Converting a double with a fractional component truncates (or discards) the fractional bit. That’s why an int representation of e is two and not three. Instead of rounding, it’s discarding the fractional component entirely. double-to-int conversions are narrowing conversions, and we’re only allowed to convert doubles to ints if the value can be represented by an int. Anything outside these bounds (e.g. infinity, NaN, etc.) is a logic error.

#include <fmt/format.h>
#include <limits> // imports std::numeric_limits

int main()
{
  fmt::print("int min value: {}\n", std::numeric_limits<int>::min());
  fmt::print("int max value: {}\n", std::numeric_limits<int>::max());

  fmt::print("double min value: {}\n", std::numeric_limits<double>::min());
  fmt::print("double max value: {}\n", std::numeric_limits<double>::max());
  fmt::print("double lowest value: {}\n", std::numeric_limits<double>::lowest());
}

int min value: -2147483648
int max value: 2147483647
double min value: 2.2250738585072014e-308
double max value: 1.7976931348623157e+308
double lowest value: -1.7976931348623157e+308

We can query the min/max values for int, double, and char using std::numeric_limits, with the type we want to query for inside angle brackets.

Mixing `int`s and `double`s

We discussed char and cross-type operations involving int and char earlier, and how they always convert chars to ints before evaluating the operation. Take a moment to think about the code below before you copy it across to Compiler Explorer. What do you think happens for expressions involving ints and doubles?

#include <fmt/format.h>

int main()
{
  int const one_gross = 144;
  double const average_hobbit_height = 0.915;
  fmt::print("one gross of hobbits standing on each other's shoulders: {}\n", one_gross * average_hobbit_height);
  fmt::print("average_hobbit_height == 1: {}\n", average_hobbit_height == 1);
}

one gross of hobbits standing on each other's shoulders: 13176.0
average_hobbit_height == 1: false

When mixing ints and doubles in expressions, our ints are converted to doubles, and so the resulting expression is a double expression.

Explicit conversions

What we’ve looked at so far in this chapter are called implicit conversions: that is, we’re converting values from one type to another, but we’re not stating that we ever intended to convert. This is often okay for lossless conversions: there’s no potential information loss, so we can get away without saying anything in many situations.

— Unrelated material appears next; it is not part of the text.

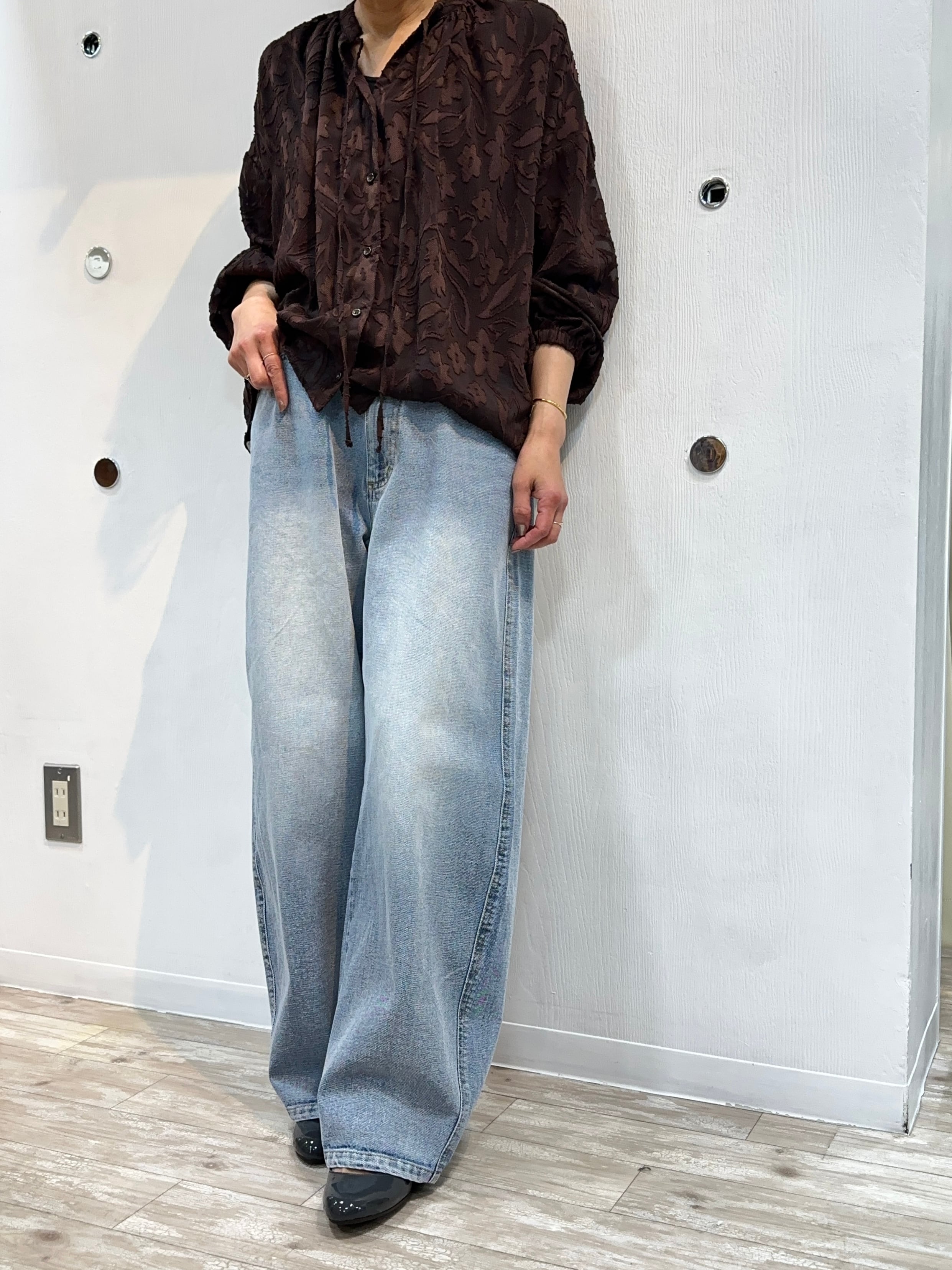 トップスは、レースやブラウス等の女性らしいトップス合わせもおススメです。

Narrowing conversions, on the other hand, are a different story: it’s unclear as to whether or not you’re even aware that narrowing is happening.

Ordinarily, we should try to minimise the number of conversions that we make by choosing appropriate types ahead of time. While this is a nice ideal, we can’t completely avoid conversions. Fortunately, C++ has a nice, loud way to tell readers that your intention is to narrow: called static_cast. This static_cast operator is known as an explicit cast, and is the preferred way to perform conversions (if you need to do a conversion at all).

#include <fmt/format.h>

int main()
{
  double const average_hobbit_height = 0.915;
  fmt::print("average_hobbit_height: {}\n", static_cast<int>(average_hobbit_height));
  fmt::print("30'017 as char: '{}'\n", static_cast<char>(30'017));
}

We achieve this explicit cast by saying static_cast<destination_type>(expression_to_convert). It’s a bit of a mouthful, but it’s almost impossible to miss when reading. The above code should print the following output.

average_hobbit_height: 0
30'017 as char: 'A'

Minimising conversions

We’ve talked about how implicit lossless conversions are usually okay, and why implicit narrowing conversions are not. The previous section also hinted that it’s better to avoid conversions whenever possible. At this point, it would be reasonable for you to ask if there’s a way to clamp down on making implicit narrowing conversions. There are a few ways that we can put a stop to implicit narrowing conversions. We’ll look at two.

Braced initialisation

The first way is to replace the equals sign in our initialisation with braces ({ and }). This braced-initialization prohibits narrowing conversions. For now, just use it with built-in types: that is, don’t use it for std::string. In the program below, we attempt to initialise a char constant with an int variable.

#include <fmt/format.h>

int main()
{
  int whole_number{45};
  fmt::print("whole_number: {}\n", whole_number);

  char const letter{whole_number};
  fmt::print("letter: {}\n", letter);
}

We know from previous sections that char const letter = whole_number will work out okay, but now that we’re using this braced-initialisation, we get a compiler diagnostic¹.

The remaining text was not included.